Case Presentation: A 76-year-old Hispanic male with a past medical history of well-controlled hypertension, Pre-diabetes, class 3 obesity, unprovoked Deep vein thrombosis (DVT) progressing to pulmonary embolism (PE) diagnosed 6 months ago, treated with apixaban, presented to the ED with 2 weeks history of progressively worsening dyspnea, dry cough and orthopnea. Denies any chest pain, fever, rhinorrhea, chills, myalgias, nausea, vomiting, weight loss, appetite change. Transthoracic echocardiography (TTE) done 6 months ago showed preserved ejection fraction, aortic valve stenosis, and no pericardial effusion. Vitals signs on presentation were unremarkable. Chest exam was within normal limits. On cardiac exam, friction rub was noted with ejection systolic murmur, Jugular venous distension (JVD) was absent on admission. EKG with normal sinus rhythm with nonspecific ST and T wave abnormality. The initial investigation included complete cell count, comprehensive metabolic panel, coagulation panel, and cardiac troponin all of which were unremarkable. D-dimer was 1,352ng/ml and Covid-19 PCR was positive. CT pulmonary Angiogram (Fig. 1) showed small pericardial effusion and left-sided pleural effusion, no PE was seen. The patient was admitted for close monitoring. Subsequently, he developed positive JVD and tachycardia within 48 hours of admission. Repeat TEE showed moderate circumferential pericardial effusion with signs of impending tamponade including a respiratory variation of the mitral valve and the mild inward mid-diastolic motion of the free Right ventricular wall. Emergent IR-guided pericardiocentesis was performed that confirmed gross blood in pericardial effusion i.e, hemopericardium resulting in significant clinical improvement in our patient.

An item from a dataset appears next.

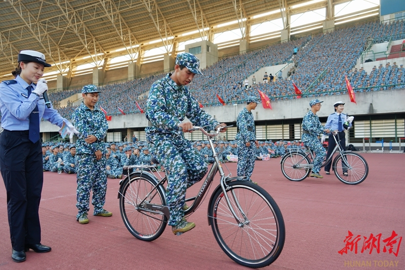 10月9日,中南大学体育场,长沙交警指导新生如何安全骑行。当天,长沙交警与中南大学联合开展“开启安全新学期 守护青春每一步”交通安全宣传活动。通过“交通标语你比我猜”“盲区体验”“戴头盔比赛”“骑单车比赛”等多个趣味互动环节,提升学生交通安全意识与自我防护能力。湖南日报全媒体记者 徐行 通讯员 石双权 摄影报道

Discussion: Only a few cases have been reported to date with pericardial effusions/tamponade in COVID-19. There are several hypotheses of the pathogenesis of pericardial effusion in COVID-19 patients such as the indirect effect of cytokine production, activation of ACE 2 signaling pathway, and severe hypoxia leading to myocardial stress injury. However, the presence of the direct effect of COVID-19 in pericardial effusion still seems to be unknown. One observation noted during the literature review is that significant pericardial effusion leading to tamponade occurs mostly as a late complication of Covid -19 disease which was also evident in our case. Autoimmune, infectious, and malignancy work-up was negative for our patient. Fluid analyses were significant for 40k RBC, 1.9k WBC with neutrophilic predominance, LDH of 1011, and total protein of 5.8 which favors an exudative effusion just concurrent with most of the previously published case reports. We believe that it remains a diagnosis of exclusion at this point as limited availability to run PCR tests on pericardial fluid detecting the virus.

Conclusions: In the absence of malignancy and autoimmune disease, COVID-19 is the most likely cause of this patient’s hemorrhagic pericardial effusion. Although the patient was on apixaban for the last six months, the symptoms of cardiac tamponade only started after the patient tested positive for COVID-19. With the limitation of data and guidelines on the pathogenesis and prevention of cardiac tamponade in COVID-19 as well as the detection of new variants such as Delta and Omicron, physicians may expect rare presentations of the disease.